- Course of Kunderu

Location
- Country: India
- State: Andhra Pradesh

Physical characteristics
- Mouth: Penna River
- Length: 215 km (134 mi)

Basin features
- • left: Vekkileru, Paleru Vanka, Galeru, Maddula Eru, Paleru.
- • right: Pala Vaagu, Erra Vaagu, Tigaleru, Jurreru

= Kundu River =

River in India

The Kundu River also known as Kunderu, Kumudvathi is a tributary of the Penna River in the Rayalaseema region of Andhra Pradesh, India. Originating as a spring near the village of Uppalapadu in Orvakal Mandal of Kurnool District, it flows through Nandyal district and goes through many changes before merging with the Penna at Kamalapuram of Kadapa District. It is known for frequent floods that bring heavy damage to the Nandyal and Koilkuntla areas, and hence it is popularly called the "Sorrow of Nandyal." But nowadays Nandyal town became a big town with huge population so that the drainage water is discharged to the Kundu river without prior treatment. Industrialists focused their vision at more and more profits and they polluted the river to the maximum extent. The villagers who are living at down flow of the river from Nandyala are suffering with different skin diseases. The pollution impacts even animals health too. In ancient times this river was known as the Kumudvathi. There is a saying in Rayalaseema that whoever drinks the water of the Kundu will gain enormous courage to face enemies. The valley of the Kundu is known as Renadu and is symbolic of the term "Renati Pourusham."

==Passage==
The Kundu River drains around 6000 acre in its flood plains, consisting of 41 villages. It covers 6 assembly constituencies in Kurnool and Kadapa districts. Many streams and brooks, including the Galeru, Paaleru, Nippuvaagu and Sankalavaagu, are the main sources of flood water. Galeru and Paaleru in particular bring heavy flood water from the Nallamala hills.
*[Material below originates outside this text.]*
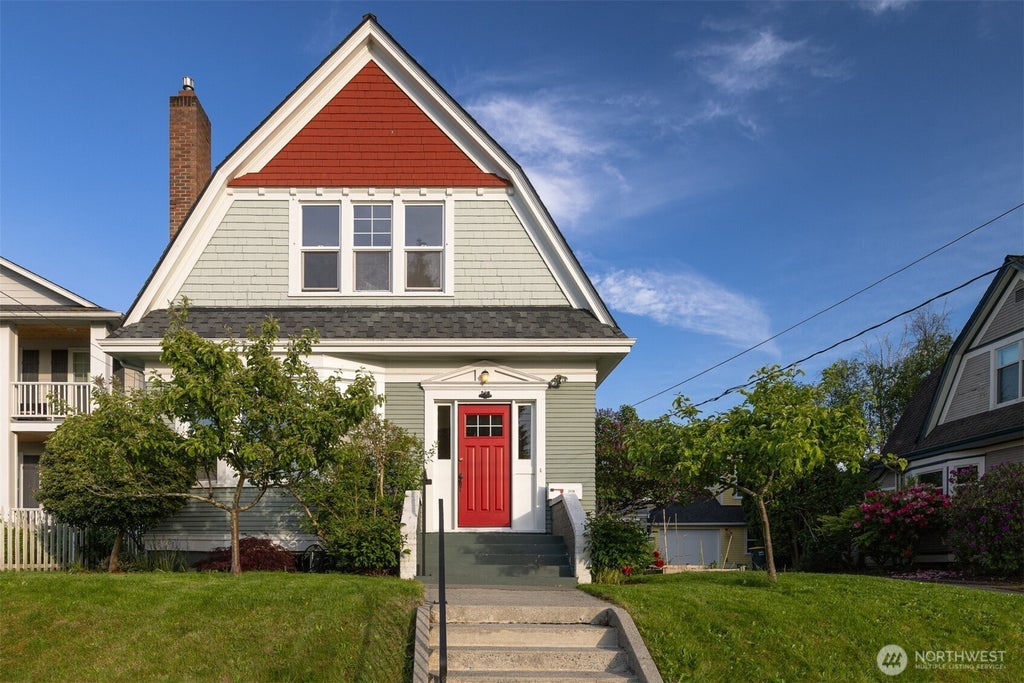Exuding classic charm + infused w/ modern updates, this gorgeous turn-of-the-century colonial home is practically *in* Broadway Park. Main floor feat open layout w/ large living + dining rooms, lovely primary bedroom, 3/4 bath, + sunny kitchen-- all flowing easily into one another. Upstairs you'll find a spacious primary bedroom, full bath, + 2 guest beds, one of which sees Mt Baker over the private backyard patio. Big basement w/ room for storage/projects + a detached 2-car garage w/shop area. Original touches (built-ins, arches, banister, wood floors) have been preserved while offering some updates to wiring, plumbing, windows, exterior paint, + roof. Close to downtown, waterfront, + great schools too. Make this stunning home yours!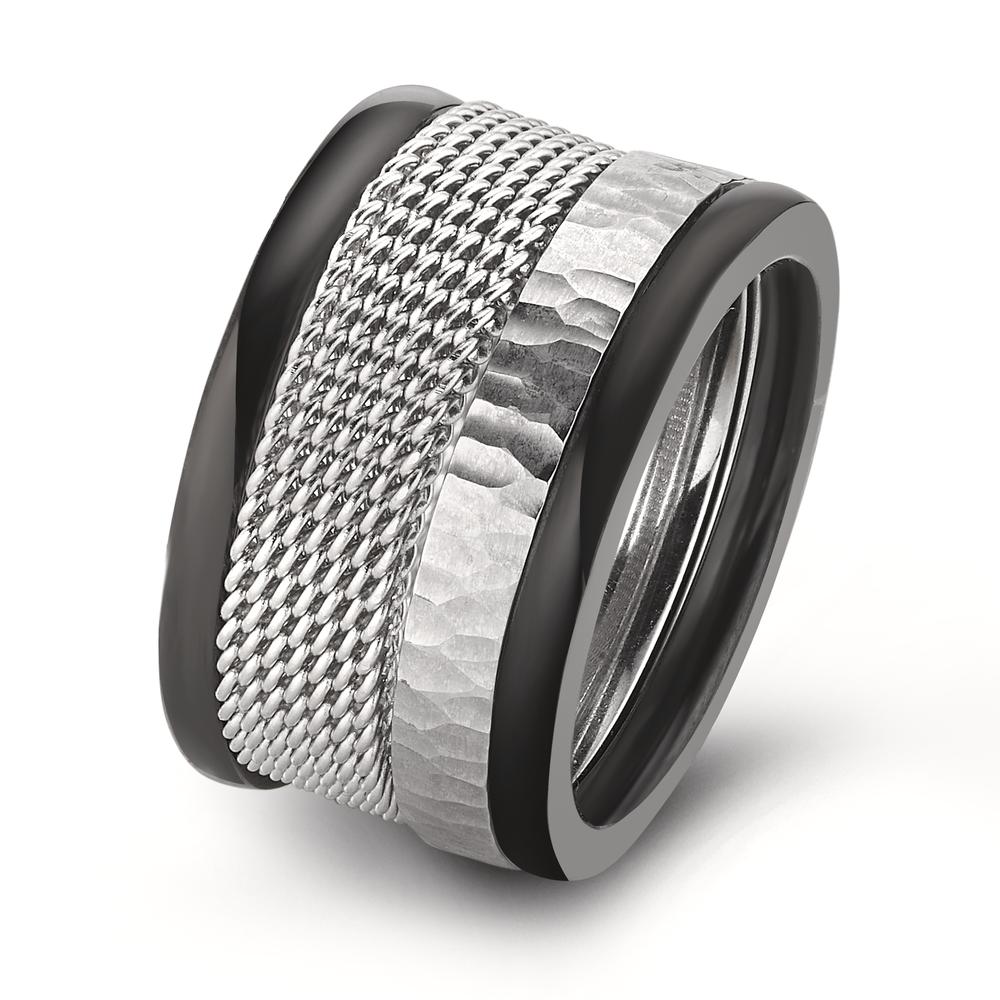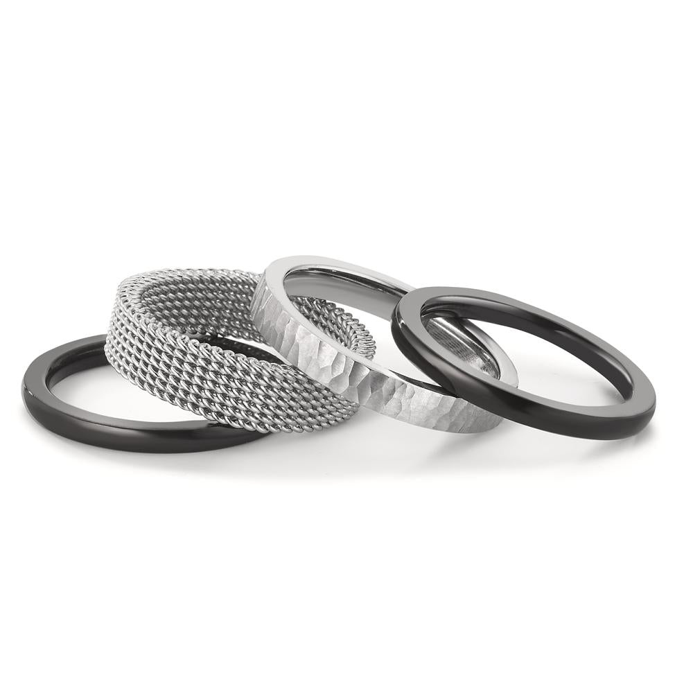 Stilvolles Damen Ringset aus hochwertigem Edelstahl mit harmonischer Kombination aus mattiertem und glänzendem Finish. Die modernen schwarzen Akzente und die elegant strukturierte Oberfläche verleihen dem Schmuckstück ein trendiges, unverwechselbares Design – perfekt für jeden Anlass.

The Kundu is ferocious in the rainy season, particularly during cyclones.

==Floods==
The villages and the Nandyal town located close to the Kundu River are affected by frequent floods, incurring heavy losses to properties and farmlands. The farmers in this belt are not guaranteed crops until harvested, as no one can predict the precise arrival of floods. From July to December there are several instances of flooding on this river. In 1994 floods incurred around ₨.60 crores of loss. On 20 August 2000, around midnight, the people of Nandyal were inundated with flood water. Almost everyone in the town experienced some loss of property, and 10 people died. In the much-publicised Kurnool floods of 2009, Nandyal was cut off from civilisation for 5 days as the flooded Kundu encircled the entire town.

===Protests===
The people of Nandyal and the farmers of Kundu plains took to protest to highlight the problem. There has been a widespread demand to construct a protective wall along the passage of Kundu at the outskirts of Nandyal. Ex-MLA of Koilkuntla Late Karra Subba Reddy and retired chief engineer B.V. Reddy suggested some solutions to the government, but in vain. Kundu Porata Samithi, under the leadership of Kamini Venugopala Reddy, have been demanding to construct check dams and storage reservoirs across the rivulets wherever possible. But the technicality of this proposal is yet to be surveyed and certified by the engineers. The well-known engineer Dr. Sri Rami Reddy submitted a permanent formula citing solutions to prevent floods and to use the water effectively for the entire region of Rayalaseema. His formula also had some suggestions regarding the Kundu River. A peculiar characteristic of Kundu Valley is that there is no underground drinking water up to 10 km on each side of the river bank. If a bore well is dug within these limits, water containing high fluoride and sulphates may come out of the wells.

The flood waters diverted from Krishna River from Srisailam reservoir has to reach main Penna River via Kundu river valley only. As the Kundu River plains is prone to flooding at high water discharge, it has become a limiting factor for diverting the Krishna river flood waters to water starved Penna River via Pothireddipadu head regulator.